No clinically validated synergistic combinations involving oleandrin have been established in human trials; however, preclinical data suggest that oleandrin's mTOR inhibition may complement conventional chemotherapeutic agents targeting overlapping PI3K/Akt pathways, such as rapamycin analogs or EGFR inhibitors, though additive toxicity risks have not been systematically characterized. The co-presence of quercetin and rutin in whole N. oleander extracts (e.g., breastin) may contribute complementary antioxidant and anti-inflammatory activity that modulates the tumor microenvironment through distinct mechanisms from oleandrin's glycoside effects.

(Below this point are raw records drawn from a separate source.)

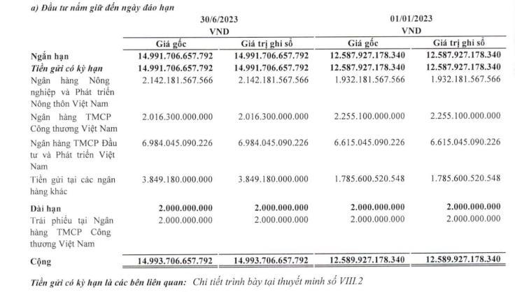 Chiếm phần lớn là tiền gửi ngân hàng với 14.991 tỷ đồng, tăng hơn 2.400 tỷ đồng so với hồi đầu năm. Trong đó, có tới 6.984 tỷ đồng tiền gửi Ngân hàng TMCP Đầu tư và phát triển Việt Nam; 2.142 tỷ đồng gửi Ngân hàng Nông nghiệp và Phát triển Nông thôn Việt Nam và 2.016 tỷ đồng gửi Ngân hàng TMCO Công thương Việt Nam.
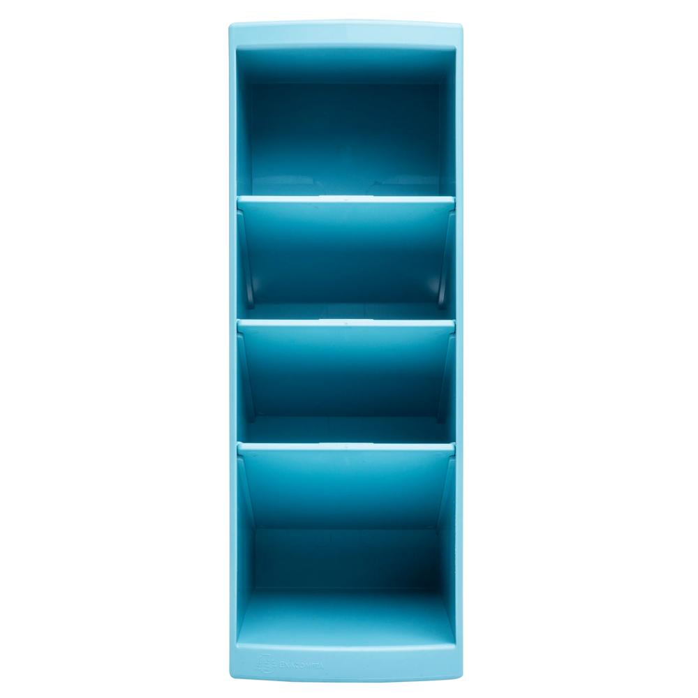 Pop&Co... it's sparkling and it's eco-friendly: a colourful and energising range that will give your work space the zesty side it was missing, allowing more creativity with cyan and lime and concentration with lilac. Respectful of the environment, these products are made from recycled household plastic waste and are Blue Angel certified. With its simple, sleek and compact design it is 23 cm high, 8 cm wide and 11 cm deep, it can easily fit in a corner of a desk or shelf. The product is totally suitable for the workplace as well as the Home Office. Its 4 compartments of different depths, from 8 to 11cm, allow you to use it as a pencil holder, store your highlighters, scissors, sticky notes, telephone or various small accessories. Usable upright or lying down and juxtaposable, you can clip several products together using the clips provided. This will allow you to optimise your organisation and increase your storage capacity. The Multi tower is a versatile, adaptable, ecological and smart storage accessory. Made from recycled plastic from household waste, it is Blue Angel certified. 25 year warranty.
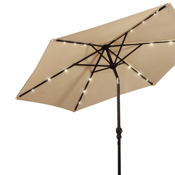 9ft. Patio Umbrella Solar LED Lights Steel Tilt with Crank Tan
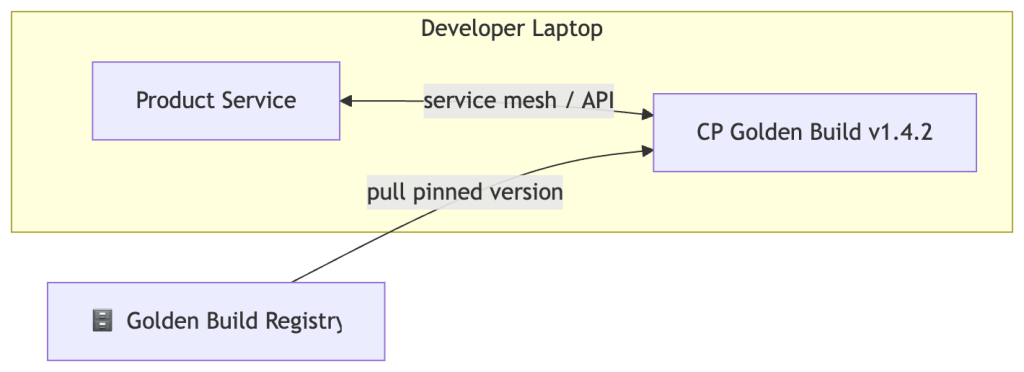 The key discipline here: the control plane golden build is not “whatever I last pulled” — it’s a versioned artifact. This prevents the silent version drift that causes “works on my machine” bugs before the code even reaches dev.
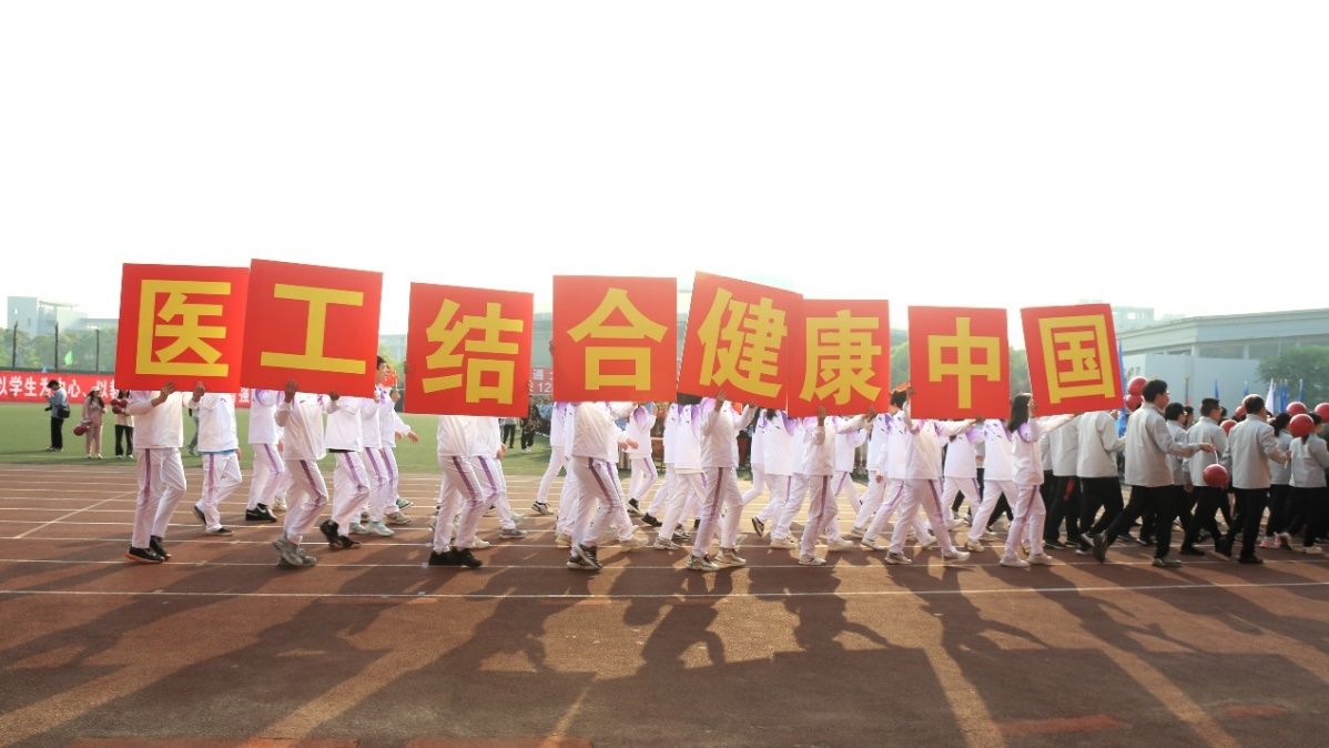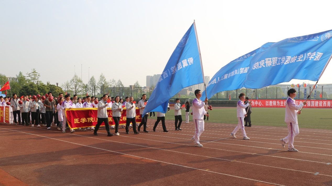 医学院和附属医院方针,高举三面旗帜、迈着坚定整齐的步伐步入赛场,“临床生医,开拓创新,医工结合,健康中国”,铿锵的口号在回响在整个赛场。方阵走在红色的跑道上,更是走在建设具有医工结合特色医学院的道路上,医学院和附属医院全体师生团结奋斗、攻坚克难,充分聚合成都市第三人民医院和西部战区总医院及学校的特色与优势,致力医学科技创新,他们正在为建设医工结合特色鲜明的研究型医学院、为党的卫生健康事业勇毅前行。
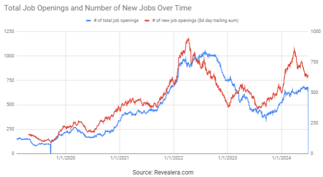 Snowflake’s hiring surge in late 2023 and early 2024 was likely driven by expansion of its salesforce and attrition. The number of Snowflake job openings has moderated in recent months though, which should be supportive of margins going forward. It also potentially suggests that the demand environment has continued to soften.
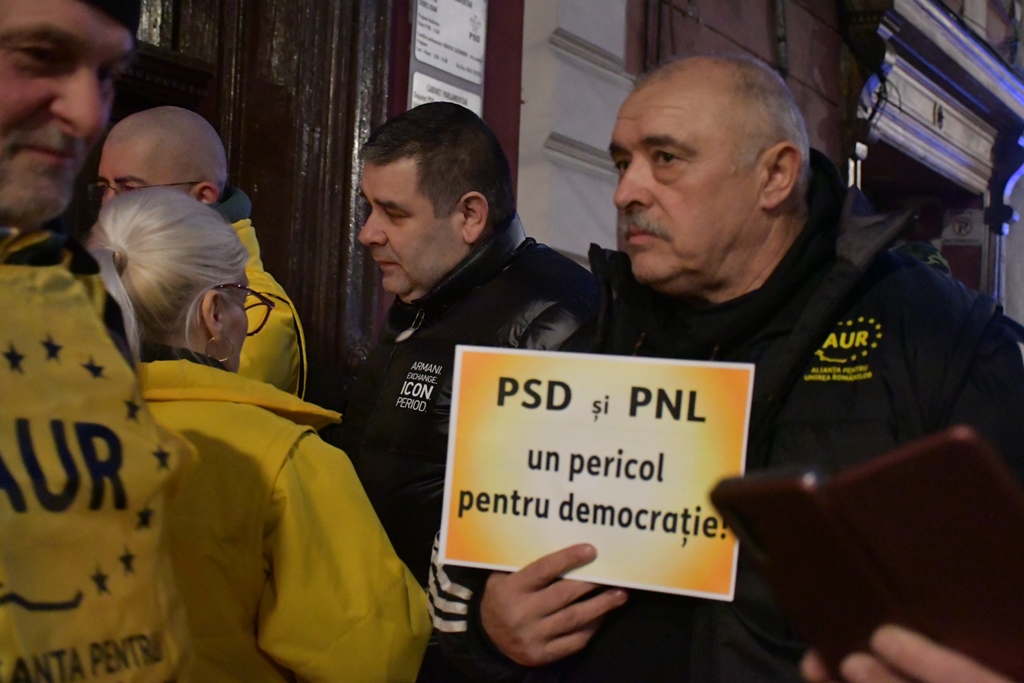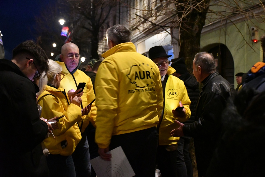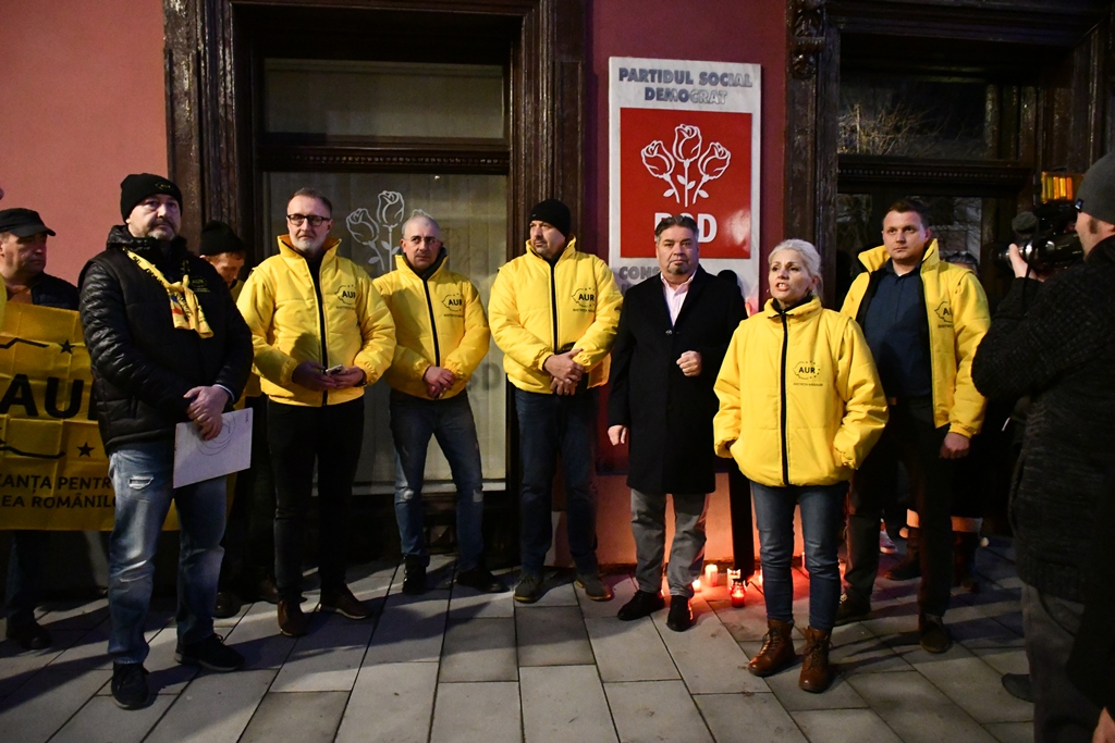 Aproximativ 100 de reprezentanți ai AUR Bistrița-Năsăud au protestat, miercuri seara, în fața sediului organizației județene a PSD, nemulțumiți de posibilitatea comasării alegerilor europarlamentare cu cele locale.

Any stack pairing involving oleandrin remains entirely experimental and should not be pursued outside rigorously supervised clinical research given the compound's cardiotoxic profile.

Safety & Interactions

Oleandrin carries an extremely narrow therapeutic window and is classified as a potent cardiac glycoside toxin; ingestion of N. oleander plant material or concentrated oleandrin extracts has caused fatal cardiac arrhythmias, bradycardia, atrioventricular block, and ventricular fibrillation in humans and animals through sustained Na+/K+-ATPase inhibition, elevating intracellular calcium to lethal levels. Concurrent use with other cardiac glycosides (e.g., digoxin), antiarrhythmic agents, calcium channel blockers, or potassium-altering diuretics would be expected to produce dangerous additive cardiotoxicity, though formal drug interaction pharmacokinetic studies in humans are absent from the published literature. Oleandrin is absolutely contraindicated in individuals with pre-existing cardiac arrhythmias, heart block, hypokalemia, or hypomagnesemia, and is not recommended during pregnancy or lactation due to lack of safety data and known cytotoxic potential. No maximum safe dose has been established for non-clinical populations; oleandrin is not recommended as a nutritional supplement under any circumstances, and any investigational use must occur exclusively under medical supervision within a formal clinical trial framework.